Beier Ko
- Country (sports): Canada (2001-2005) Singapore (2006-2007)
- Born: 17 July 1986 (age 40) Singapore
- Retired: 2007
- Plays: Right-handed (two-handed backhand)
- College: Harvard University
- Prize money: 28,315

Singles
- Career record: 62–59
- Career titles: 1 ITF
- Highest ranking: No. 299 (14 June 2004)

Grand Slam singles results
- Australian Open Junior: QF (2003)
- French Open Junior: 1R (2003)
- Wimbledon Junior: 2R (2003)
- US Open Junior: 2R (2003)

Doubles
- Career record: 8–15
- Highest ranking: No. 329 (12 August 2002)

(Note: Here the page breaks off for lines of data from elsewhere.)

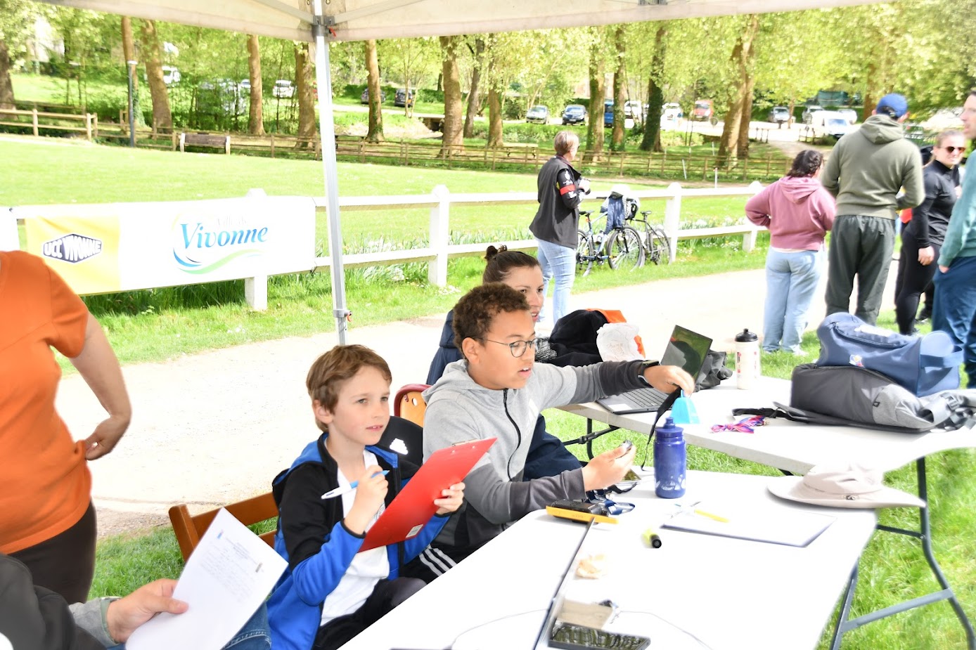 Nohan T. (10 ans), Louam B. (10 ans) et Andréa P. (8 ans) ont préparé des trophées à partir de pièces vélos recyclées avec Edith P. et Léo M. (11 ans), Imanol N. (11 ans), Eden G. (9 ans), Soan M.(11 ans), Timothé P. (12 ans) on fait le tour du bourg de Vivonne avec Esteban D. et Emilien G. pour négocier des lots pour la tombola. Clémence D. (14 ans) a offert une de ses coupes gagnée pendant la préparation.
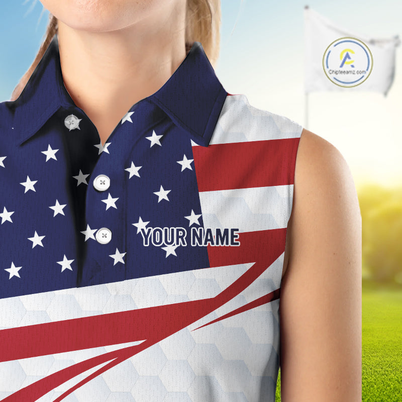 Red, White and Blue American Flag Sleeveless Polo shirt for Women custom patriotic ladies golf attire NQS10304
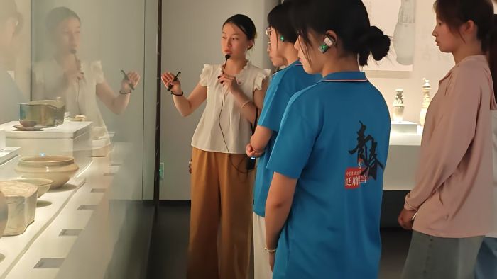 圖為講解宋代瓷器,包括河南登封窯珍珠地刻花瓷枕和江西吉州窯綠釉蕉葉紋瓷枕,除睡覺納涼外,還能保持女性發(fā)型,因高度較高,寓意“高枕無憂”。
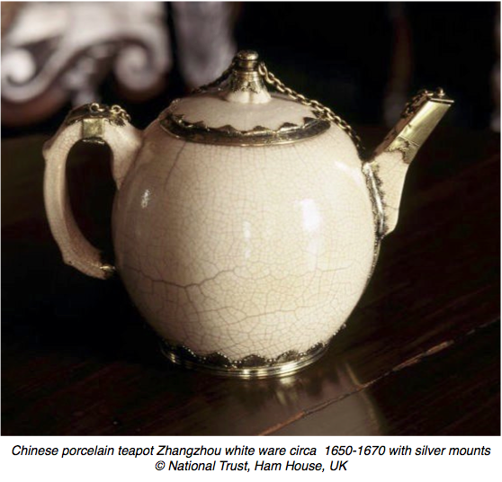 From the identical period, we have this Chinese Zhangzhou white ware porcelain tea pot that has had silver mounts added to it which appear to be Chinese also rather than applied by an English silversmith. Zhangzhou ware is also known as Swatow ware; Swatow being the port where porcelain from several counties in Guangdong province was shipped from. This is considered a rather iconic tea pot. It was owned by Elizabeth, Countess of Dysart to become, through marriage, Duchess of Lauderdale and was a huge political supporter of Charles II – highly unusual for a woman at that time. As with Catharine of Braganza, this
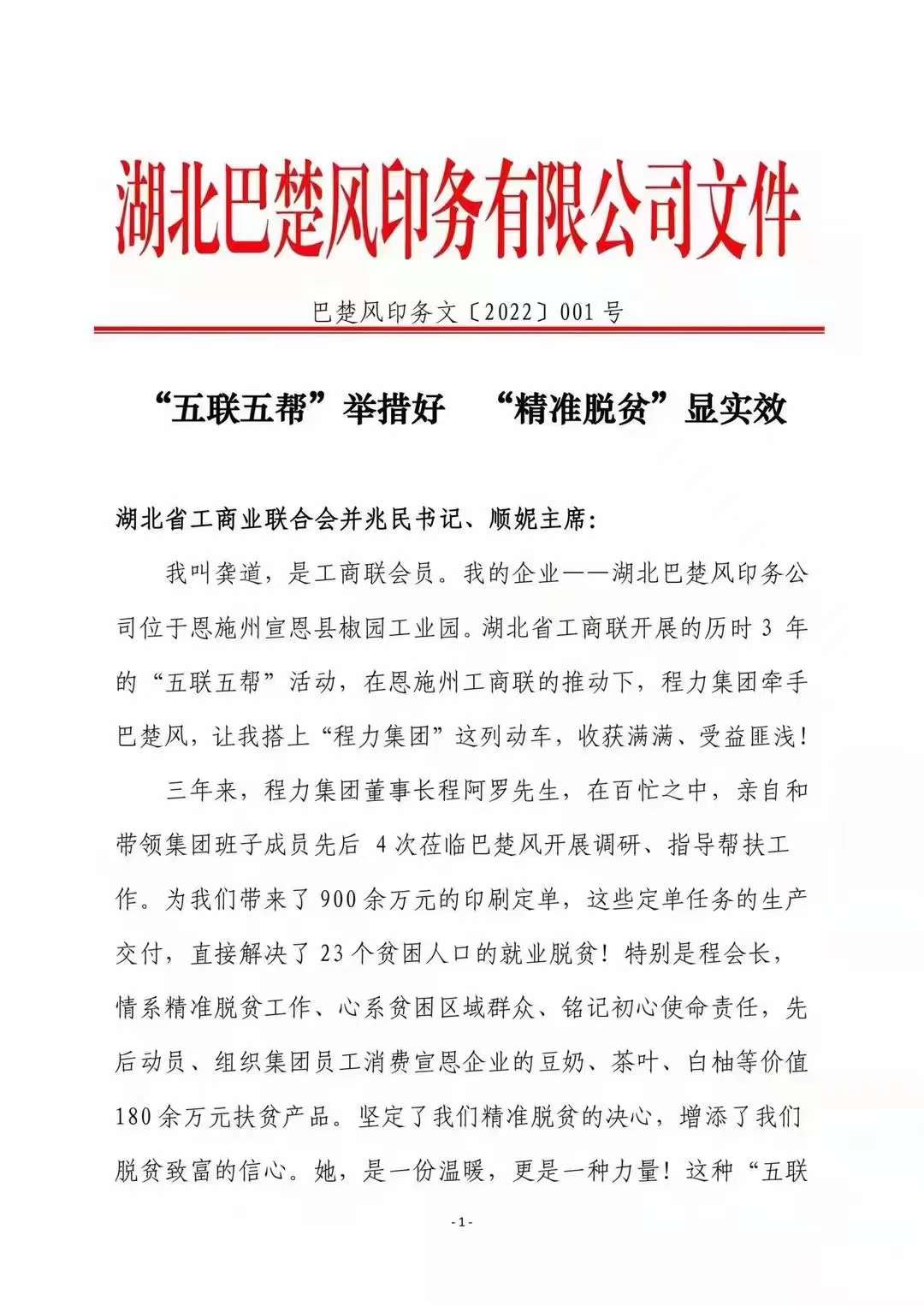 2022年元旦,程力集團收到第一份珍貴禮物:“五聯五幫精準扶貧”感謝信和錦旗,我們倍感欣慰與珍惜!近三年來,程力對省工商聯指定幫扶單位:恩施宣恩巴楚風印刷公司,不遺余力給與訂單和消費扶貧一千多萬元,還從對其公司管理、黨建、企業規范化運行等方面指導,幫助其企業走出困境,圓滿完成了脫貧攻堅任務。
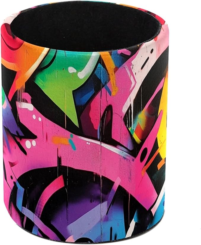 Leather Pen Holder for Desk Cartoon Graffiti Pencil Cup Desktop Organizer Makeup Brush Holders Office Supplies for Home, Kids & School
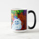Magische Tasse mit Louis Wains Tiermalerei Meister der Katzenjacke-Uni (1860-1939). Eine wohlüberlegte, weiße Katze mit auffallend blauen Augen liegt wunderbar neben einer lebhaften Auswahl an wunderschönen Blume. Die majestätische Uni der Katze liegt im Hintergrund unter einem rosa und blauen Himmel. Ein wunderbares Geschenk für Katzenliebhaber und englische Kunst.
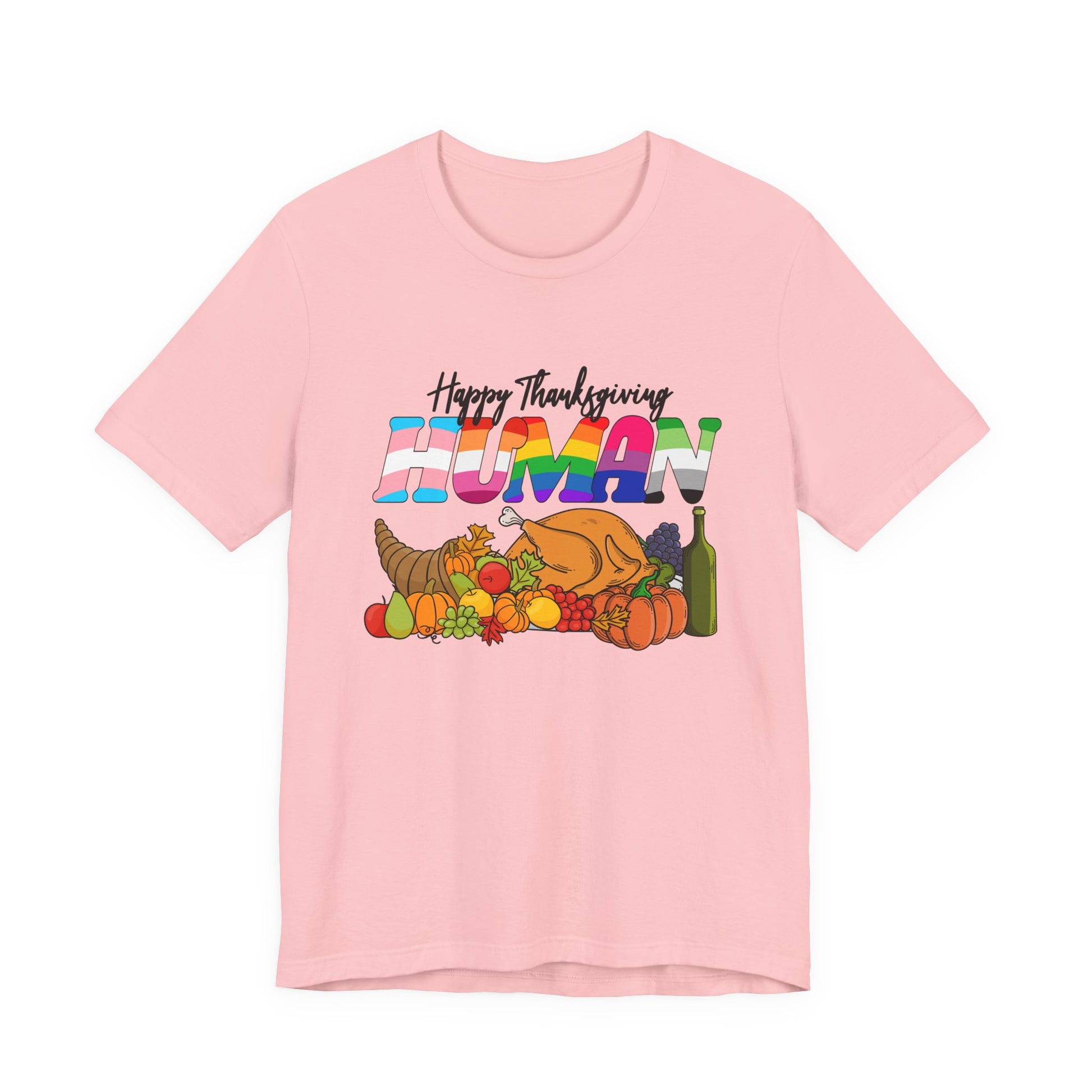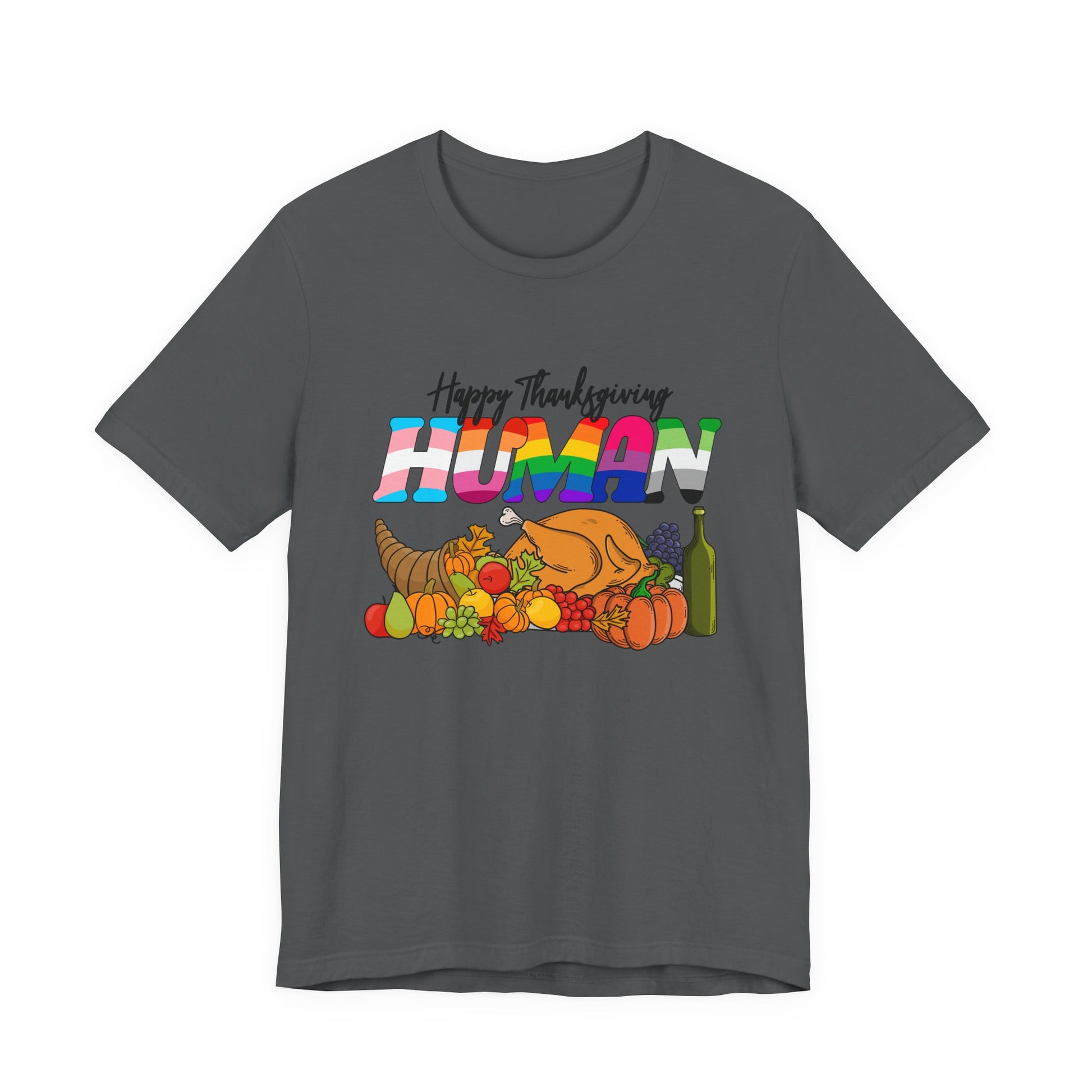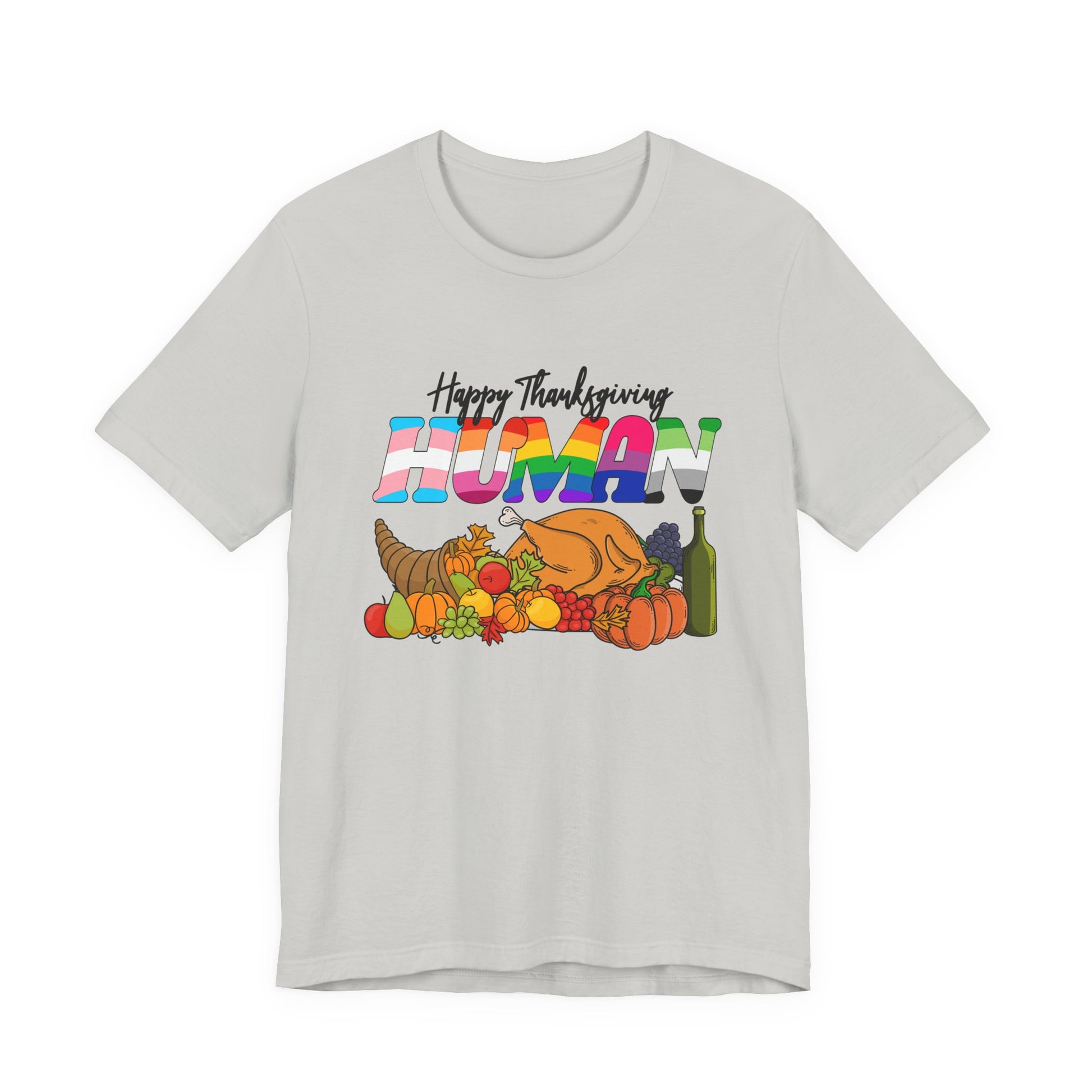 Add vibrant flair to your holiday look with this playful “Happy Thanksgiving Human” t-shirt featuring a festive table scene filled with food, fruits, drinks, and a turkey. The standout word “HUMAN” is printed in eye-catching gradient colors, giving the design a fun and modern twist. Perfect for family gatherings, Friendsgiving parties, or as a humorous gift, this soft and breathable tee mixes seasonal cheer with bold style for an unforgettable Thanksgiving outfit.

Grand Slam doubles results
- Australian Open Junior: QF (2001)
- French Open Junior: 1R (2003)
- US Open Junior: 2R (2002)

Team competitions
- Fed Cup: 3–5

= Beier Ko =

Singaporean tennis player

Beier Ko (born 17 July 1986) is a Singaporean former professional tennis player. Ko had previously played for Canada before representing Singapore.

==Tennis career==
Ko won the singles title in 2002 on the ITF Women's Circuit in Toronto, Canada. In 2004, she achieved a singles ranking of #299 on the WTA Tour at 17 years old.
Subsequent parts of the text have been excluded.